Some of my best regional meals have happened when I wasn’t even planning or anticipating. When friends plan a regional meal over the weekend, it is an orchestrated event. There is anticipation, delight, satisfaction, many emotions at the same time. You will anticipate good food, you will feel delighted after being presented with a large spread, many of which are not everyday dishes, and the host has spent so much time and effort bringing an exotic meal to the table. It will also give the host the satisfaction of pulling it off well and of course, the compliments. All of it is very prominent and spectacular.

This dabba thing is however a long process. Every dabba you eat with somebody is very routine. You aren’t anticipating, the other person is not trying either. When it is a bite from somebody else’s dabba, it’s a glimpse of their everyday food, which is planned and executed every day without fail, with the most easily available ingredients, and with all practical considerations. When you take a bite from somebody else’s dabba, you know that the food is made to ensure loved ones are fed, not under any pressure to please or to display expertise. The colleagues who talk about food at the lunch table with a twinkle in their eye are not food writers, they are just sharing with you this important part of their life, without any deliberation. They are just taking a break from work, and unknowingly giving you a sneak peek into their kitchens, without any pretence.
It is only over time that you will realise that the best, non-plated version of a particular dish happened in someone’s dabba. And it’s all in hindsight.
Richa Chitgopekar is a food enthusiast with keen taste for cuisines of different regions and communities. For her “it all started at the office lunch table”. Through the years conversations with colleagues over many dabbas have been the happy constant in her corporate life. She is now studying Gastronomy at the University of Boston. This article is for all her colleagues who have fed her awesome food.

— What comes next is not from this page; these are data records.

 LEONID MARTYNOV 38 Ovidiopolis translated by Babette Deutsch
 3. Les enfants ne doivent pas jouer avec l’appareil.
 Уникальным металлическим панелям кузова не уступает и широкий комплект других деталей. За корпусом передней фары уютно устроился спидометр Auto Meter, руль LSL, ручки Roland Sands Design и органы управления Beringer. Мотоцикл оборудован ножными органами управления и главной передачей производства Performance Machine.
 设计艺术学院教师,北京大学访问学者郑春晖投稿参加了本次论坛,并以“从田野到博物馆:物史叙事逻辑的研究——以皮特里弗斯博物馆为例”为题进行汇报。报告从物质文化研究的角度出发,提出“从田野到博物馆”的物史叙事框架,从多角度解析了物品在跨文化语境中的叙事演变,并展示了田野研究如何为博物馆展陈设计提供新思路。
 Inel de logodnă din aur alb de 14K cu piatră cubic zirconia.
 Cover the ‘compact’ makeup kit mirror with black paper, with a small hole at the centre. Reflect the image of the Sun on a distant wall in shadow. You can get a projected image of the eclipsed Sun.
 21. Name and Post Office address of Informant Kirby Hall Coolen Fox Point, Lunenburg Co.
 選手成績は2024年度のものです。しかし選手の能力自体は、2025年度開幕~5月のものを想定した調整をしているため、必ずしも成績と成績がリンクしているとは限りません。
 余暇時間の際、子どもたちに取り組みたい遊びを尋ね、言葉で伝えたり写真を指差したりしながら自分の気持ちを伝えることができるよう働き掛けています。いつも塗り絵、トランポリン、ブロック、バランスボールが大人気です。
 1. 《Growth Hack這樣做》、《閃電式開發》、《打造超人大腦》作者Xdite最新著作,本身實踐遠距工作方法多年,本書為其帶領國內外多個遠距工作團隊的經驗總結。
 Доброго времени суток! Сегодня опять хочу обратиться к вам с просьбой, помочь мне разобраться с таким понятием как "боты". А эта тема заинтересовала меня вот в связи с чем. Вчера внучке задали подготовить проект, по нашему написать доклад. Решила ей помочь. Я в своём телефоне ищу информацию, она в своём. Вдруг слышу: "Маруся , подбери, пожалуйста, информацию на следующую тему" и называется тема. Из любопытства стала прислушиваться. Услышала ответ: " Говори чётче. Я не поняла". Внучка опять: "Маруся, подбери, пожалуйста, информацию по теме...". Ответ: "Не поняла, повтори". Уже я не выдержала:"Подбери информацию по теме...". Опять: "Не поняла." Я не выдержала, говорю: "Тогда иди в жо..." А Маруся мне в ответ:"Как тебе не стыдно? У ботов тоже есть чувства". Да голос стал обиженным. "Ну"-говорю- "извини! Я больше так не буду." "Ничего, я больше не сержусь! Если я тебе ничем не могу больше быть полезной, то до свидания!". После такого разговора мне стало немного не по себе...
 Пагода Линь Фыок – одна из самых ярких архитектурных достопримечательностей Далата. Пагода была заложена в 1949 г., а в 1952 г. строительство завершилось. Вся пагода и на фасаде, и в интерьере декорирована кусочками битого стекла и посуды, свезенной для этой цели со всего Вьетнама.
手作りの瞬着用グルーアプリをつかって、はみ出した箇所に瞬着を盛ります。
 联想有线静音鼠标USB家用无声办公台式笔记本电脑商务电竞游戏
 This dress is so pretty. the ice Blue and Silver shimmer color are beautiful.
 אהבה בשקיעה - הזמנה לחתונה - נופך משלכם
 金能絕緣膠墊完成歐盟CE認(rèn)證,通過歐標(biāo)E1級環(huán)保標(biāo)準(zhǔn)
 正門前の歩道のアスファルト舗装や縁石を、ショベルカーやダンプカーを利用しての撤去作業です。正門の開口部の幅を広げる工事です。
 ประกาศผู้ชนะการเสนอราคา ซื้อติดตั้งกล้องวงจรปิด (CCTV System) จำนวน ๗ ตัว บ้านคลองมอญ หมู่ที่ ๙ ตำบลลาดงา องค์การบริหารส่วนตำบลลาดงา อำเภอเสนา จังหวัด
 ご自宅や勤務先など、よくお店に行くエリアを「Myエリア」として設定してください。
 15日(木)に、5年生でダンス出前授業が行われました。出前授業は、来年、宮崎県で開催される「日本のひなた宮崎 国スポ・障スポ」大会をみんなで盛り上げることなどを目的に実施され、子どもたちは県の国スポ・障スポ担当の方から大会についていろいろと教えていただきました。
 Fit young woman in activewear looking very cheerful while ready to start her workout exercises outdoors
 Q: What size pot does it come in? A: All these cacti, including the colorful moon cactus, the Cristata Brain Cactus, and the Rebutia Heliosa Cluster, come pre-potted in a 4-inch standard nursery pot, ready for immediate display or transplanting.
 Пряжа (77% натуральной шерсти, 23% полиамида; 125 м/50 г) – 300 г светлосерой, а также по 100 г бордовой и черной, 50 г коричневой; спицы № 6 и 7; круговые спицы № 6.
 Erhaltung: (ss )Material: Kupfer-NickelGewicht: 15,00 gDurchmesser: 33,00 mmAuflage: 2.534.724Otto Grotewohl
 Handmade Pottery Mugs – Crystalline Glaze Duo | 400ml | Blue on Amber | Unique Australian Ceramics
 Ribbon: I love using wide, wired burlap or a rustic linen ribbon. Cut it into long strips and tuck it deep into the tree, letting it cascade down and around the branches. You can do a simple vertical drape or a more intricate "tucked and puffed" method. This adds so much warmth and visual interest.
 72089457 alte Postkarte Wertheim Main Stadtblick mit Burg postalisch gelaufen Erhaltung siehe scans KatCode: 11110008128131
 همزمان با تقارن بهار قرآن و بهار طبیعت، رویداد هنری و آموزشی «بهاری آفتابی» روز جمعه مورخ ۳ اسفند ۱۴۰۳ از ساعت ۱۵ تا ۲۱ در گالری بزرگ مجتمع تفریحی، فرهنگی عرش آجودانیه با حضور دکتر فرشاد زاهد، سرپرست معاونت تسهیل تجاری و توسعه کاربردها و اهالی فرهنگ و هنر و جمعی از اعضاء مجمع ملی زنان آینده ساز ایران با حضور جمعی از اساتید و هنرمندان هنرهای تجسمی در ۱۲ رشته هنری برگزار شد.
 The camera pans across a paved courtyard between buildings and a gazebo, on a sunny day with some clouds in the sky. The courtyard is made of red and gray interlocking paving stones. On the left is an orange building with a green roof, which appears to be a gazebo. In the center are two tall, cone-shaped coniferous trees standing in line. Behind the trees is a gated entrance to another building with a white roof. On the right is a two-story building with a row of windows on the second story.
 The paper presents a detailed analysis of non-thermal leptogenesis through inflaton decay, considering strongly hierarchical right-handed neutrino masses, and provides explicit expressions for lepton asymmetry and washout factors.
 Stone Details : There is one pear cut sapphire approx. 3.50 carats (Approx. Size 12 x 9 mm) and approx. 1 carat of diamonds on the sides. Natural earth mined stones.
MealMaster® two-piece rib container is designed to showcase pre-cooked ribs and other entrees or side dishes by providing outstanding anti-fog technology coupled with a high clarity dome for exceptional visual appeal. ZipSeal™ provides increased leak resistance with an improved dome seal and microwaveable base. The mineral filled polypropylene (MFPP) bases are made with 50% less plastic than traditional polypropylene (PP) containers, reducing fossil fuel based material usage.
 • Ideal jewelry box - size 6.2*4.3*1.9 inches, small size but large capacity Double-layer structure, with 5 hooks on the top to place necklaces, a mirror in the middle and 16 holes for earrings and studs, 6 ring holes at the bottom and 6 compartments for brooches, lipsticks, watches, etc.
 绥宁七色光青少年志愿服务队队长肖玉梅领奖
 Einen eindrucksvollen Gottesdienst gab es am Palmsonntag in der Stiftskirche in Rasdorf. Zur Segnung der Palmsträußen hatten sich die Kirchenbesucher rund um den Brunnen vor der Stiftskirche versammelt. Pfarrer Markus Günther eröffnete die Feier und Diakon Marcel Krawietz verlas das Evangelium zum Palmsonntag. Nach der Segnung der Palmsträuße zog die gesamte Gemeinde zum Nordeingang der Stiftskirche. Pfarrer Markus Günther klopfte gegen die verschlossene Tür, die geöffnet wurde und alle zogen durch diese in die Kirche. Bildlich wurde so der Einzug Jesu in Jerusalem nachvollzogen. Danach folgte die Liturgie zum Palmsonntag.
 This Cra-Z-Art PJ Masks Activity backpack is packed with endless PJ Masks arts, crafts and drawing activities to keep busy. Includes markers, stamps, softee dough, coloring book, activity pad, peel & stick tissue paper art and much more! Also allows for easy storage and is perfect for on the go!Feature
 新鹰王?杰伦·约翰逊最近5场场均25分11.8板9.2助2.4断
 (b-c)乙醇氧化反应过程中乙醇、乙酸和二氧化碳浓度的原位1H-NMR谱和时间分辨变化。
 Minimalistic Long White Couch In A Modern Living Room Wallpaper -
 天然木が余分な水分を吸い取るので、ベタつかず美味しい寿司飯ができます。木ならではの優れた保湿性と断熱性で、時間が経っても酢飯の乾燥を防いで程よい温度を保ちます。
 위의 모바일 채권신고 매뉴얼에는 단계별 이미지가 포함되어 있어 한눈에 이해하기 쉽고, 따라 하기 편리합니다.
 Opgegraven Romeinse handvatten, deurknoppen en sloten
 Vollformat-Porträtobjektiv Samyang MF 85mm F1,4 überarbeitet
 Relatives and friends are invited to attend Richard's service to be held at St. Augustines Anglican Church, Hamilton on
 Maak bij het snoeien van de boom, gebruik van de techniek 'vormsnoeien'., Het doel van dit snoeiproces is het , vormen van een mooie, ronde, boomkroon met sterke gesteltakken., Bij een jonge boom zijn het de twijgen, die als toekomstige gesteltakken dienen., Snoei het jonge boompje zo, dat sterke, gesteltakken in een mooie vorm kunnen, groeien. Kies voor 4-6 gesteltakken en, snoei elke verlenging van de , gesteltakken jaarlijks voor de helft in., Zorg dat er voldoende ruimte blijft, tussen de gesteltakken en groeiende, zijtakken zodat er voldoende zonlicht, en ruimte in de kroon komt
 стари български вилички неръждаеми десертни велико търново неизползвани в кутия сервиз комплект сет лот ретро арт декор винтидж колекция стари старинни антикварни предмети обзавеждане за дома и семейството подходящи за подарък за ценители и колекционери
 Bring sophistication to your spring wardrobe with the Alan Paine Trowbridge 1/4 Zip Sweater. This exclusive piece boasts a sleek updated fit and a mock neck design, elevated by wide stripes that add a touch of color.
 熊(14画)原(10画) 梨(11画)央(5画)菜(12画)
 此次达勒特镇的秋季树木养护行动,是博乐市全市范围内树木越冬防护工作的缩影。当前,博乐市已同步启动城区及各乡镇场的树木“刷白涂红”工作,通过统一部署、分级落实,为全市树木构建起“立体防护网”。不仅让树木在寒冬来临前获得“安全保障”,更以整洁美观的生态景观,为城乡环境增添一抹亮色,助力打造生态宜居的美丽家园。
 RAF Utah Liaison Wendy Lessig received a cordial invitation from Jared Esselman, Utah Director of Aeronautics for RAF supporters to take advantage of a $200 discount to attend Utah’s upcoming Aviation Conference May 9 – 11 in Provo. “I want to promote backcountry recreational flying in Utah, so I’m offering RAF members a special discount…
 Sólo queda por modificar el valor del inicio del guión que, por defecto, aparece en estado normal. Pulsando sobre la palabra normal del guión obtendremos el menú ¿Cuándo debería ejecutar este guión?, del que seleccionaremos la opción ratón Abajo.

Translations and detailed descriptions are provided to give a better understanding of the story to people from different cultural backgrounds across the globe.
2 comments
Such a beautiful article! Dabbas really are a peek into a person’s kitchen and culture. Thank you for sharing such interesting stories with us!
Richa being her honest self and sharing all about Indian regional food, her experiences exploring those food and gently stepping out of the comfort zone to explore further. Lovely write up.